My second question is about money. It took me only a few minutes to find the average household income in London is around $56,000, and the infamous sunshine salary list for Western runs to 19 closely printed pages, with the overwhelming majority on this deeply silly list being faculty. At a time when 1 in 5 children in London live in poverty, anyone staking a claim on public accounts, whether university faculty or corporations whining for deeper and deeper tax breaks, has some explaining to do.
I am more than aware that deficit reduction strategies such as those the administration is hiding behind to justify their compensation proposal are smokescreens behind which poverty will continue to deepen and widen.
I’m a lifelong socialist. I know my capitalist economics inside out. My question however is, like that put to the administration, about calling things by their real names: What are your compensation proposals, and how are these any different from corporate grabs for tax breaks?
UWOFA has been more than quick in revealing the administration’s proposals and, rightly I think, criticizing them. But turnabout strikes me as reasonable. What are you proposing, and why? More rhetoric about helping contract faculty, given what little of the compensation pie focuses on these most vulnerable of our colleagues, just doesn’t pass the smell test. And comfortable and deeply privileged “education workers” demanding more money at a time when more and more of our students scramble to deal with rising tuition and crippling post-graduation debt strikes this teacher as obscene. UWOFA needs to step up and be honest about the justifications for any and all of its proposals, in public, since this dispute is about the very public responsibilities we have as teachers and scholars to the communities who underwrite our privileges and comforts.
Let me be absolutely clear. Unlike a recent letter published in the Western News (“Call for sane heads to prevail,” David Stanford, Oct. 14), my support for UWOFA’s resistance, by whatever means necessary, to the administrations management proposals is unwavering.
I ask these questions out of genuine concern about the principles which seem to be driving these negotiations on both sides.
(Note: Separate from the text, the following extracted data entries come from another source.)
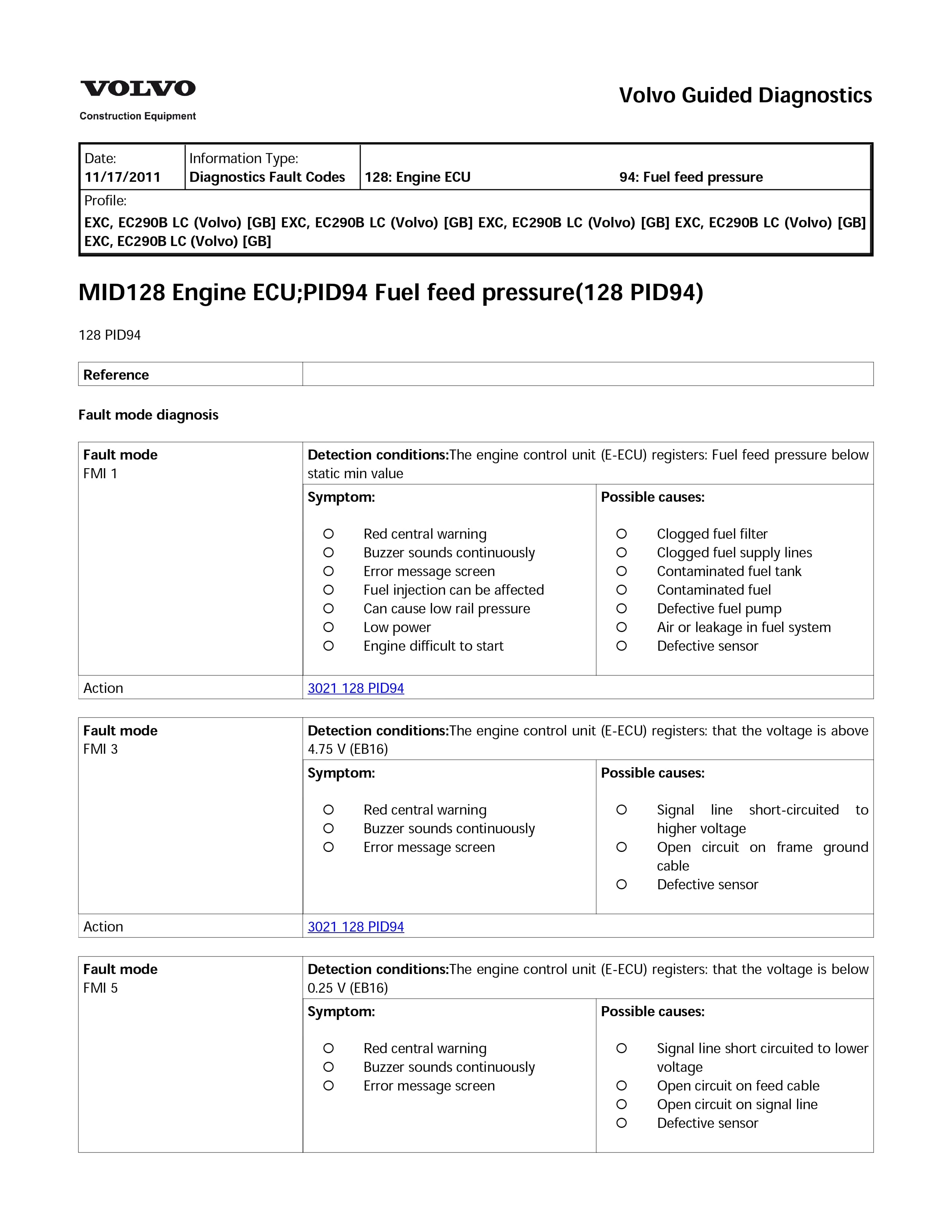 Mã lỗi 128 PID94 là lỗi hệ thống cấp nhiên liệu trên các dòng máy xúc Volvo EC290B LC, thuộc hệ thống điều khiển động cơ MID128 – trong đó PID94 đại diện cho “Fuel Feed Pressure” (áp suất cấp nhiên liệu).
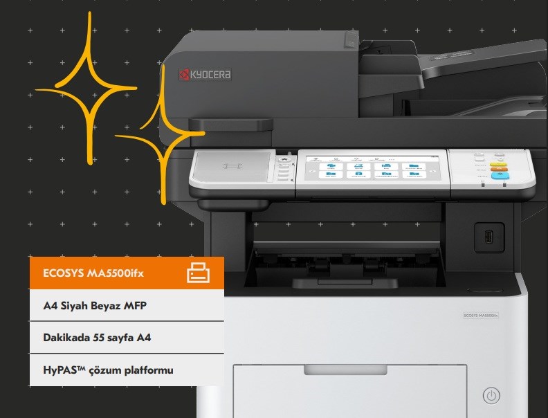 Kyocera ECOSYS MA5500ifx, üstün kalite ve güvenilirlik bir arada. Bu tek renkli çok fonksiyonlu yazıcı, verilerinizi güvende tutarken, kompakt boyutu ve enerji verimliliği onu küçük ve orta ölçekli çalışma grupları için mükemmel bir seçim haline getiriyor.
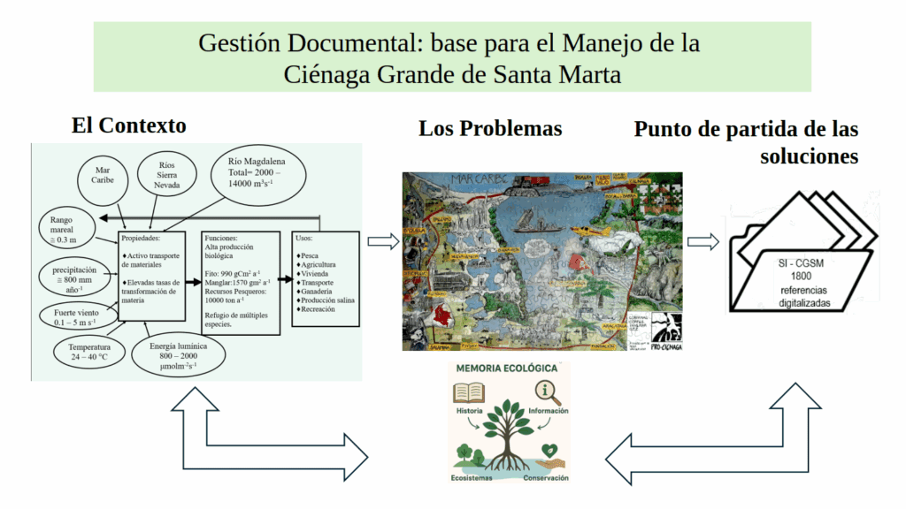 La Ciénaga Grande de Santa Marta (CGSM) es uno de los sistemas socioecológicos más estudiados de Colombia y, a la vez, uno de los más amenazados. Su deterioro se ha intensificado desde los años sesenta por intervenciones de infraestructura que alteraron su conectividad hídrica. A pesar de múltiples esfuerzos de restauración, como el Proyecto Pro-Ciénaga, la falta de continuidad en la gestión y el desconocimiento de información técnica acumulada han limitado la efectividad de las intervenciones. Este artículo presenta un repositorio documental sistematizado con más de 1800 referencias sobre la CGSM, disponible en línea a través del portal del CEMarin. La colección incluye informes técnicos, tesis y artículos científicos de difícil acceso, recuperados de archivos institucionales y personales. La plataforma no solo facilita el acceso a documentos históricos, sino que también los categoriza por dimensiones abióticas, bióticas y antrópicas, integrando herramientas de navegación modernas y enlaces a copias digitales. Se propone que el uso estratégico de esta información histórica es esencial para una gestión ambiental más eficaz, proactiva y sostenible. En lugar de priorizar la generación constante de nuevos datos, se aboga por integrar la “memoria ecológica” en la toma de decisiones actuales. Este artículo invita a reflexionar sobre el valor del conocimiento acumulado como base para mejorar la relación costo-beneficio, evitar errores repetitivos y fortalecer las acciones de conservación en la CGSM. La pregunta que se aborda es: ¿Cuál es el alcance, calidad y disponibilidad de la información para la gestión ambiental en la CGSM?
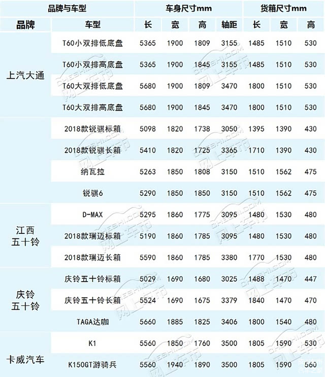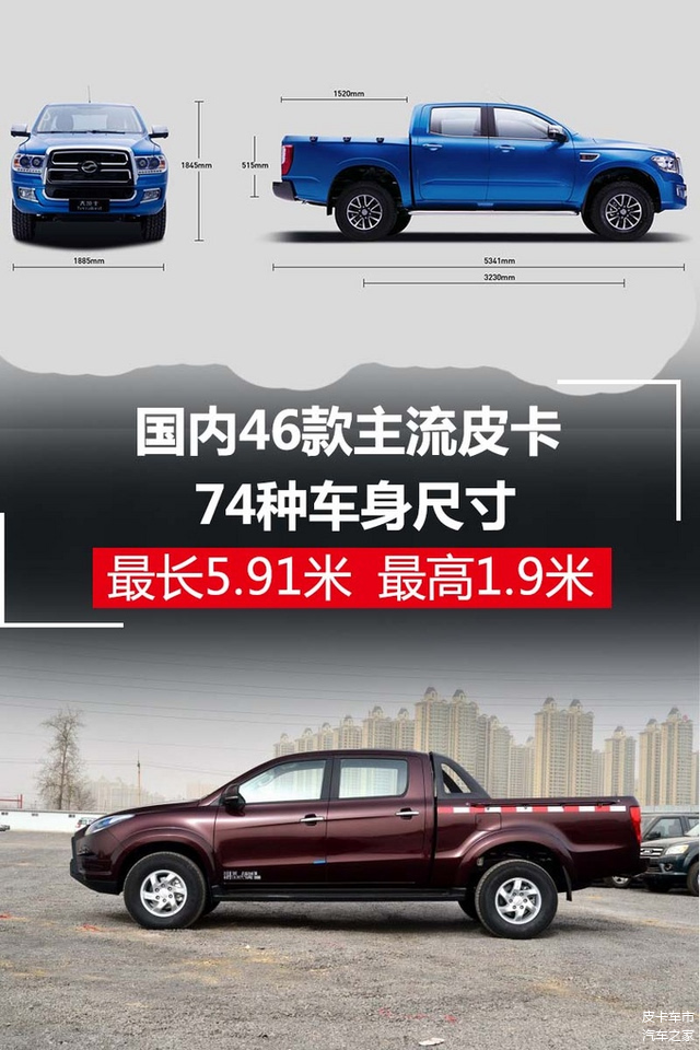 对于选购皮卡车型的用户来说,车身尺寸是必定要考虑的重要因素。今天这篇稿,就是让大家更加透彻的了解国内每一款车型的车身尺寸,以下表格汇总了国内46款主流皮卡车型的74种车身尺寸的具体情况。小编选取了具有明显尺寸特征的车型给大家介绍。
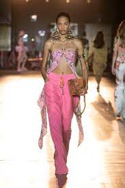 Veronica Etro trouxe para sua coleção um estilo dos anos 1980, inspiração do estilo boho, com estampa mesclando o patchwork com peças cut-out, fazendo jus ao nome Etro remix .
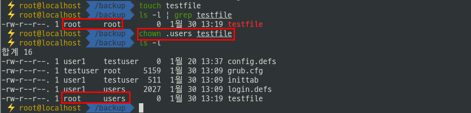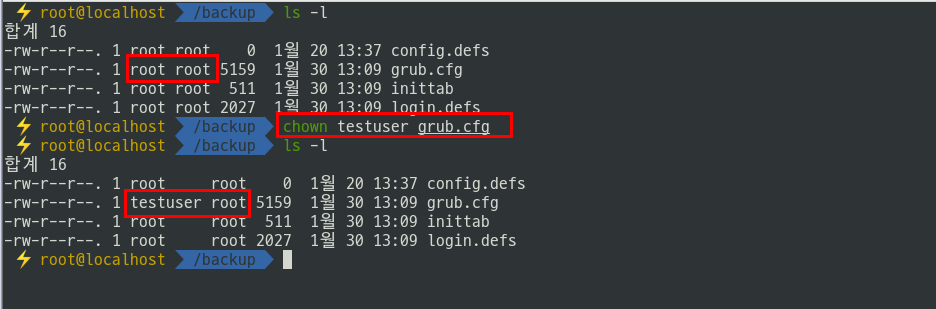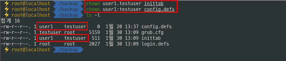 1.2) 소유자와 소유 그룹을 동시에 변경
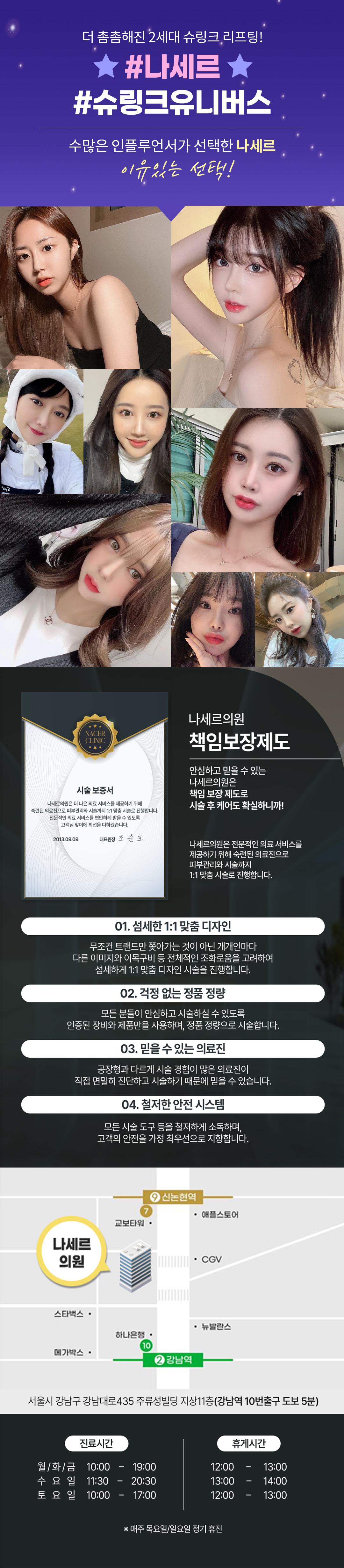오직 당신만을 위한 디테일로 이루어져있는 곳 나세르의원입니다. 다양한 쁘띠성형 혜택 받으세요!

I was recently told that “contract negotiations are not gentlemanly discussions.” Setting aside the ludicrous image of a smoke-filled men’s club, which is contemptible, does this then mean negotiations should be about nothing more than battling slogans and pious bromides, which is all I have received from both the administration and UWOFA, in spite of repeated and patient attempts to get something that at least resembles clarity about their respective positions?
This does indeed seem to be a battle of the privileged against the privileged, with only privilege at stake. Maybe the smoke-filled men’s club is an appropriate image after all, but all of the learners on this campus – faculty and students – and in the wider communities we are a part of deserve better, from both sides.
Helen Connell, Communications and Public Affairs associate vice-president, speaking on behalf the administration, said in a very recent online article on the negotiations that “Western has the best faculty and staff in the country.” I can only hope the administration means this, and re-engages with negotiations in a way which reflects this more clearly than it has to date. UWOFA President James Compton wrote recently that the union’s goal is to “reinvigorate a centuries-old scholarly mandate to work in the service of the public interest – a mandate we carry out by creating both knowledge and knowledgeable citizens.”
The key words here are “public interest.”
Both sides need to put out their cigars, button their flies and do a better job of serving that public interest.